The 44th annual march drew thousands of anti-abortion activists to gather on the National Mall and march to the Supreme Court on Friday. Vice President Mike Pence was the first vice president ever to address activists at the annual March for Life.
The march also marked the first in eight years to be held under an anti-abortion president. Just five days earlier, President Donald Trump signed an executive order to bar foreign non-governmental organizations that perform or promote abortions from receiving federal funding.
Pence spoke at noon before the march, vowing to end federally funded
abortion nationwide. He also promised that Trump will soon announce a Supreme Court nominee to fill the vacancy left by the death of Antonin Scalia (CAS ’57) last February.
In addition to Pence, Counselor to the President Kellyanne Conway also addressed the crowd.
Conway, who has recently drawn criticism for her support of the new administration’s use of “alternative facts,” spoke about her hope for the anti-abortion movement during the Trump administration.
“This is a new day, a new dawn for life,” Conway said. “This dismissive notion of out of sight, out of mind is over. Science and medicine have joined religion and morality in causing many Americans to rethink just how fragile and how triumphant human life truly is.”
Those who gathered at the march came from various backgrounds, from religious clerics to students attending on school trips.
Some who had marched in year’s past, like Fr. Gabriel Zeis, a Catholic chaplain from Princeton University, said this year’s march felt noticeably different.
“There is a greater energy this year. People are motivated to think that we possibly have a stronger voice today than we ever had before in the Capitol,” Zeis said.
Many at the March for Life, including Zeis, largely agreed that Planned Parenthood should be defunded, halting all federal funding to the nonprofit that focuses on providing reproductive health services and resources such as contraceptives, family planning services and abortions.
“Planned Parenthood is a flawed system. No one has ever taken a close look at it. The national conversation has to be around developing a good program that’s going to care for women but not allow for abortions,” Zeis said.
A week earlier, at the Women’s March on Washington, Planned Parenthood President Cecile Richards spoke about her resolve to keep the organization functional and providing services.
“Today we are here to deliver a message. We will not take this lying down,” Richards said. “You need to call your Senator and say we cannot go back. Together we are a movement and we are unstoppable.”
Georgetown’s pro-abortion rights group, H*yas for Choice, protested at the march, releasing a statement that Trump’s recent policies affect large groups of people.
“We viewed this as an opportunity to register our dissent with the anti-choice values the march promotes, and to show our continued support for abortion access nationwide,” the statement reads. “These policies will endanger the lives and well-being of millions of people in jeopardy, particularly people of color, people with disabilities, low-income people and people living in rural communities.”
H*yas for Choice also addressed its goals for the club and university, prioritizing HIV and sexually transmitted infections screening, access to free menstrual hygiene products, increased access to contraception and better quality care at the Student Health Center.
The group also called for Georgetown University to maintain the minimum standards for contraceptive coverage as mandated by the Affordable Care Act, which dictates that contraceptive methods and counseling for all women be provided by plans in the health insurance market.
“Despite this volatile national climate, we will continue to move Georgetown in a progressive direction,” the statement reads.
Georgetown University Right to Life, an anti-abortion rights group, sent about 40 members to participate in the march.

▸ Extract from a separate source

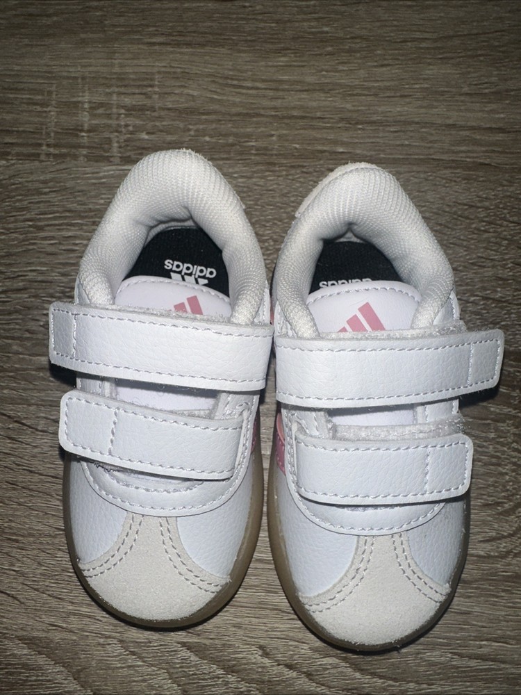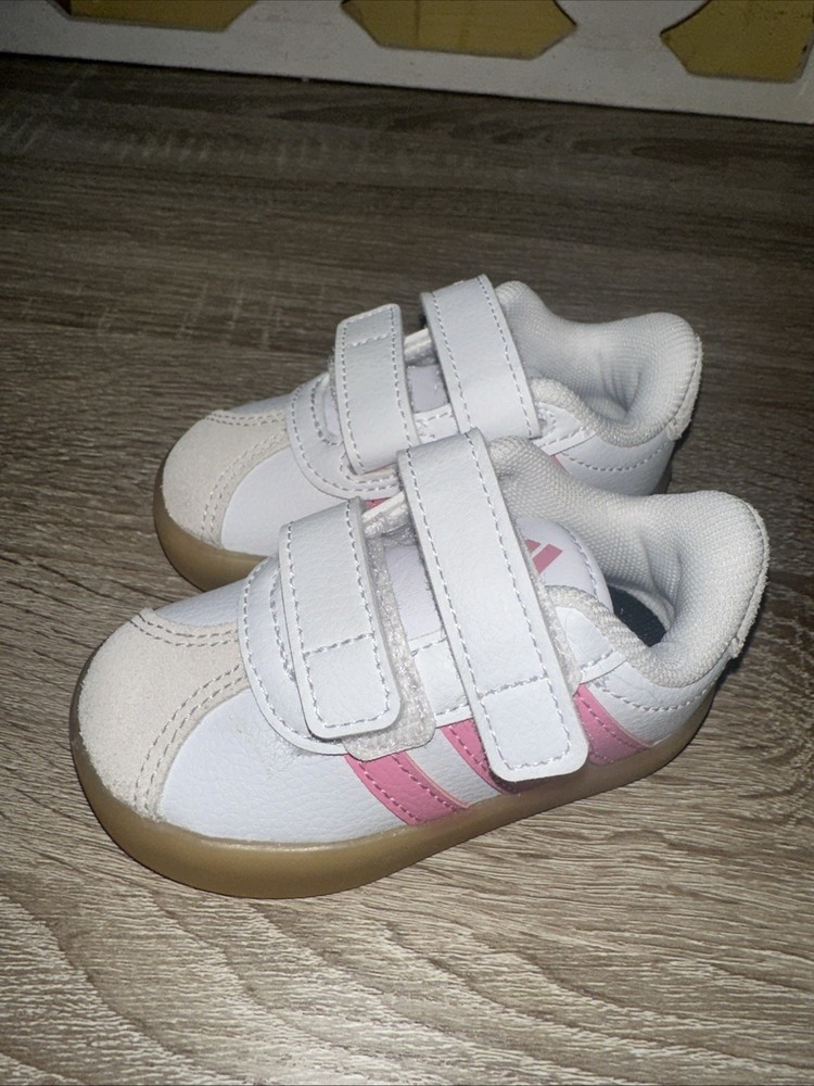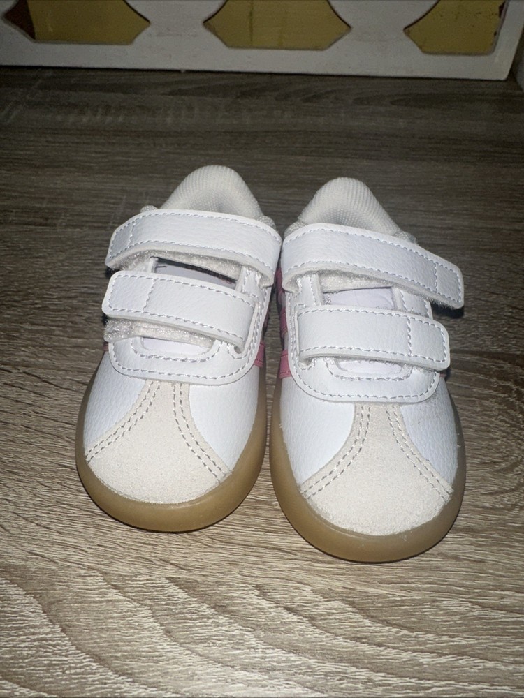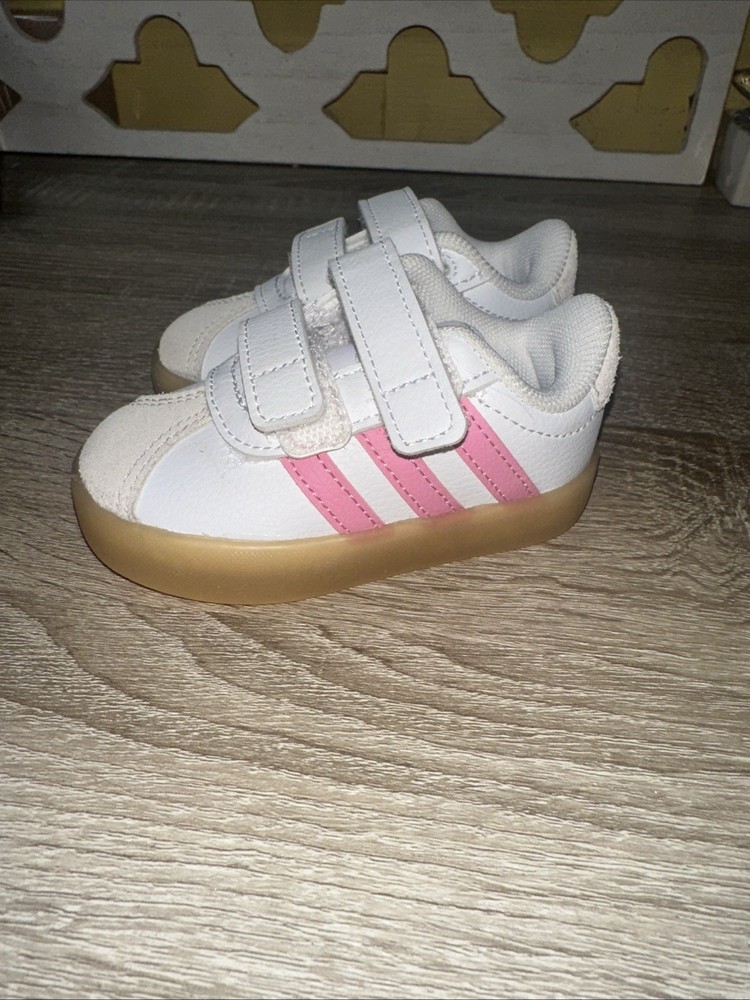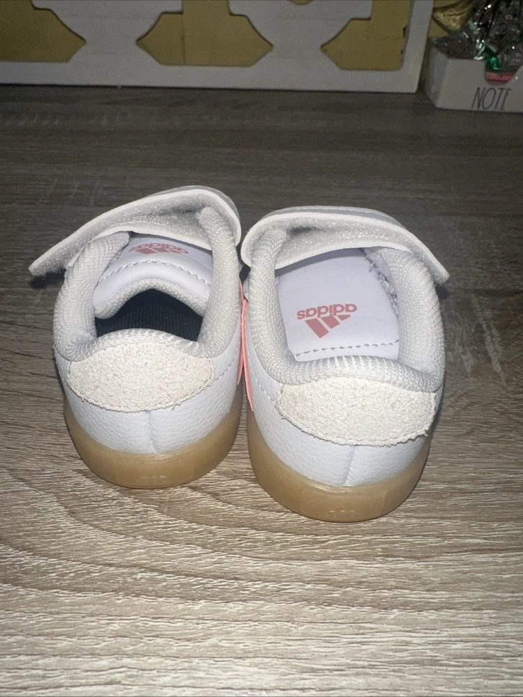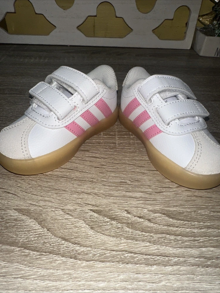 adidas Toddler Girls VL Court 3.0 sneakers in white with pink stripes Size 4 worn 1x

GU Right to Life President Amelia Irvine (COL ’19) said her hope is that the Trump administration’s changes are accompanied by legislation and the appointment of an anti-abortion justice to the Supreme Court.

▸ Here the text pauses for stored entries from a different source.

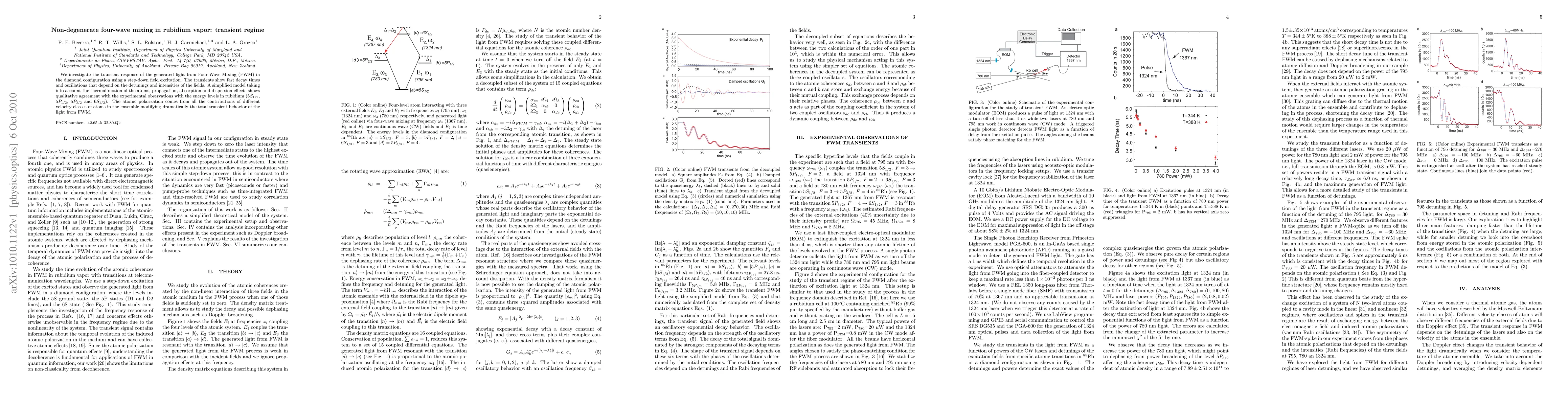 This paper examines the transient dynamics of Four-Wave Mixing in rubidium vapor, revealing rapid decay and oscillatory behaviors influenced by field detunings and intensities. A simplified model incorporating atomic motion and dispersion effects aligns well with experimental data, highlighting the role of different atomic velocity classes in shaping the transient FWM light response.
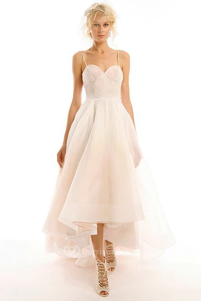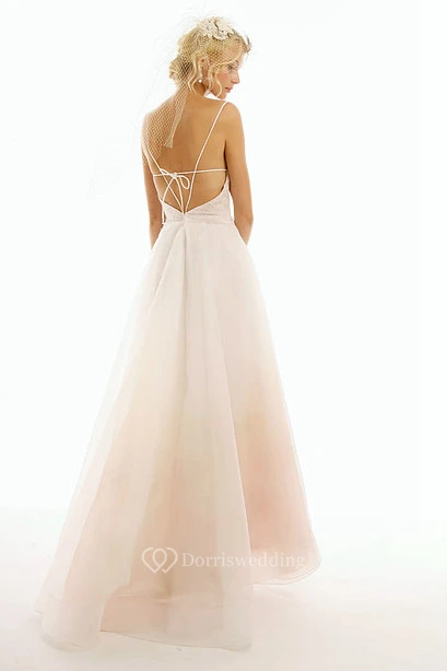 Floor-Length Spaghetti Draped Organza Wedding Dress With Straps
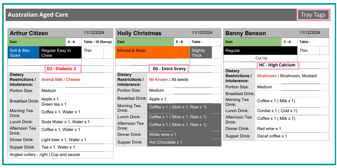 We have enhanced our tray tag reports to include the full description of any Special Diets that apply to a resident. The Special Diet will no longer appear just as a code (E.G. D2 will display as D2 - Diabetic 2)
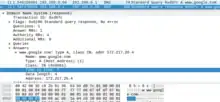 TTL of a DNS answer resolving google.com, seen in Wireshark
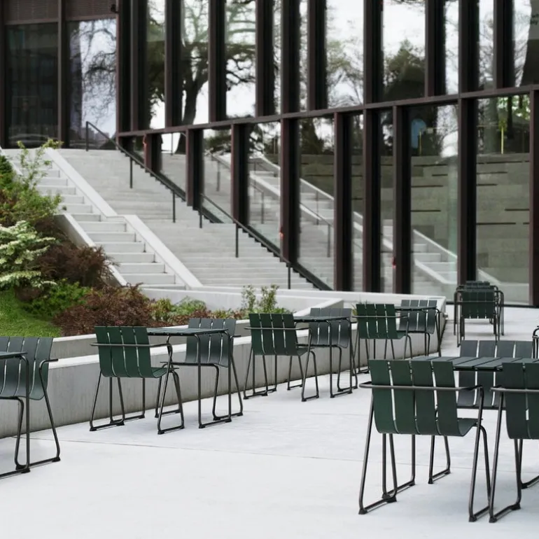 The Ocean OC2 chair by Danish brand Mater is a part of its award-winning Ocean collection – a reinterpretation of the outdoor furniture range designed by Nanna & Jørgen Ditzel in 1955. Besides the exceptionally harmonious form, the materials also make the Ocean OC2 range very unique: the collection has been made using recycled plastic beer kegs in collaboration with Danish beer manufacturer Carlsberg. The seats and tabletops are formed by strong plastic slats, featuring the familiar dark green hue, and the airy design is complemented by a metal frame with a gunmetal finish. All the components are recyclable.
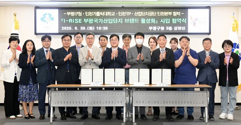 ㈜한국탑뉴스 차복원 기자 | 부평구는 지난 30일 구청 상황실에서 인천가톨릭대학교 ·인천테크노파크·한국산업단지공단과 함께 ‘I-RISE 부평국가산업단지 브랜드 활성화 사업’ 협약을 체결했다.
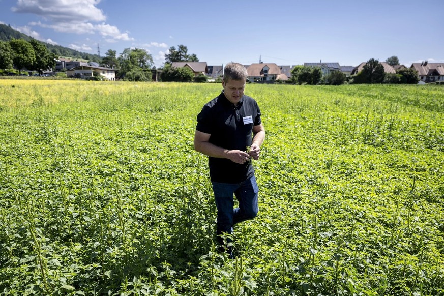 Ist das Unkraut, das da spriesst? Auf den ersten Blick ist nicht erkennbar, was Familie Tellenbach auf dem Feld inmitten von Pieterlen BE anbaut. Schliesslich handelt es sich um Kulturen, die man in der Schweiz nur selten zu Gesicht bekommt: Quinoa, Ackerbohnen, Kichererbsen und andere Hülsenfrüchte wachsen auf den paar Hektaren zwischen Wohnquartier und Bahnlinie.
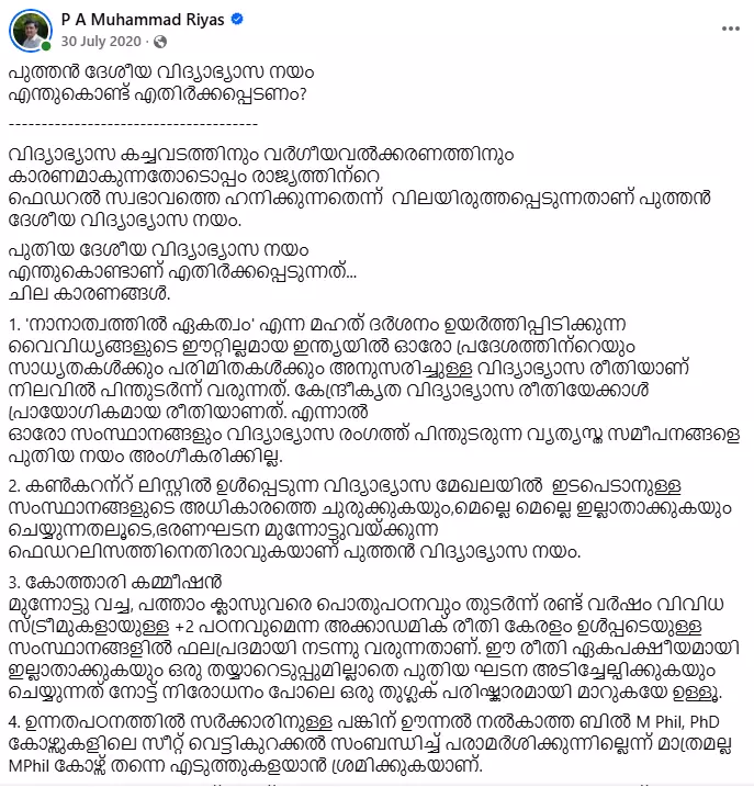 |കൺകറന്റ് ലിസ്റ്റിൽ ഉൾപ്പെടുന്ന വിദ്യാഭ്യാസ മേഖലയിൽ ഇടപെടാനുള്ള സംസ്ഥാനങ്ങളുടെ അധികാരത്തെ ചുരുക്കുകയും,മെല്ലെ മെല്ലെ ഇല്ലാതാക്കുകയും ചെയ്യുന്നതിലൂടെ,ഭരണഘടന മുന്നോട്ടുവയ്ക്കുന്ന ഫെഡറലിസത്തിനെതിരാവുകയാണ് പുത്തൻ വിദ്യാഭ്യാസ നയമെന്നും റിയാസ് 2020 ൽ ഫേസ്ബുക്കിൽ പങ്കുവെച്ച പോസ്റ്റിൽ വിശദീകരിക്കുന്നു
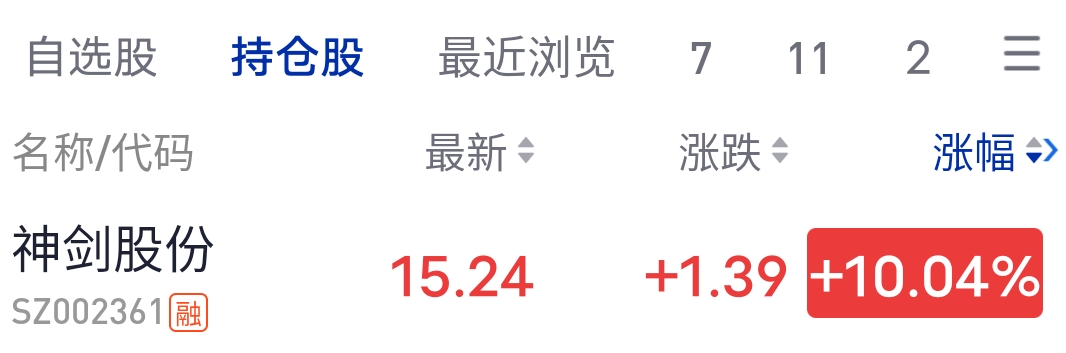 $神剑股份(SZ002361)$ 今天一板 周末快乐

“One day, I hope that the preborn will enjoy the same rights as every American, and that will only happen when Roe v. Wade is recognized by the Supreme Court as unconstitutional and overturned,” Irvine wrote in an email to The Hoya.
Mike Baker, a northern Illinois resident who travelled to the District for the march, mentioned he was particularly hopeful that Trump’s Supreme Court nominee would work to overturn Roe v. Wade and defund Planned Parenthood.

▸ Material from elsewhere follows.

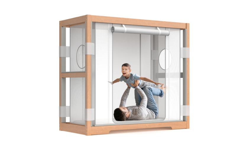 Unser Modell TOBI wird speziell für sehr aktive und autoaggressive Kinder gefertigt. Diese Kinder brauchen sichere Orte um sich vor Selbstgefährdung und auch ihr Umfeld zu schützen. Genau solchen Kindern bietet unser KayserBett TOBI einen Rückzugsort. Das Bett besteht aus einem massiven Holzrahmen, in den ein Netz gehängt wird. Durch dieses extrem elastische Netz können Kinder sich körperlich vollkommen verausgaben, um anschließend wieder zur Ruhe zu kommen. Das Netz federt die Kraft der Schläge und Tritte ab – somit verpufft die gesamte Wucht. Schnell ist zu beobachten, wie sich die Kinder wieder entspannen. Im Vergleich zu Betten in denen Kinder direkten Kontakt zu Holz oder Acrylglas haben, werden durch das Netz im Bettinnenraum laute Materialkontakte vermieden. Der massive Buchenrahmen wird zusammengebaut und das Netz eingehängt. Das feinmaschige Netz ist von innen nach außen nahezu durchsichtig. Das Bett hat eine immer gleichbleibende Innenhöhe von 180 cm. Somit haben die Kinder genügend Platz um sich im Bett aufzurichten. Durch das Netz, welches auch schwer entflammbar ist, wird das Bett nicht nur Austobeort, sondern hat auch eine sehr wohnliche, zeltartige Atmosphäre. So kann unser TOBI auch schnell mal zum Zentrum für Abenteuer werden.
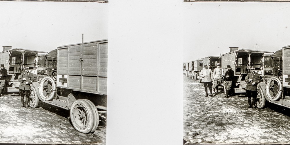 Image Id: 3216 Contributor: The Jordan/Ference Collection Theatre: Western Front Subject: Behind the Lines Location: La Chapelle d'Armentières near Lille, France Regiment: Unknown Service Arm: Medical Services Battle: Unknown Date: 1915 Combatants: French Publisher: Amateur Stereographers (Collections) Source: French Directory: Ambulance-Convoys-1915-1916

“The court has been very progressive in things that it hasn’t had to,” Baker said. “The court has forced my children to grow up in a society where marriage has been redefined, which in my opinion, is not their job.”
Rosemary Battle, the president of Students for Life at Michigan State University, said that she hoped to see abortion become separate from religion.
“I hope that the next Supreme Court Justice realizes that this isn’t just a religious issue, that it is definitely a science issue,” Battle said. “Being pro-life means you have realized that it is an individual that is conceived. It’s not just part of the woman, it’s actually its own being.”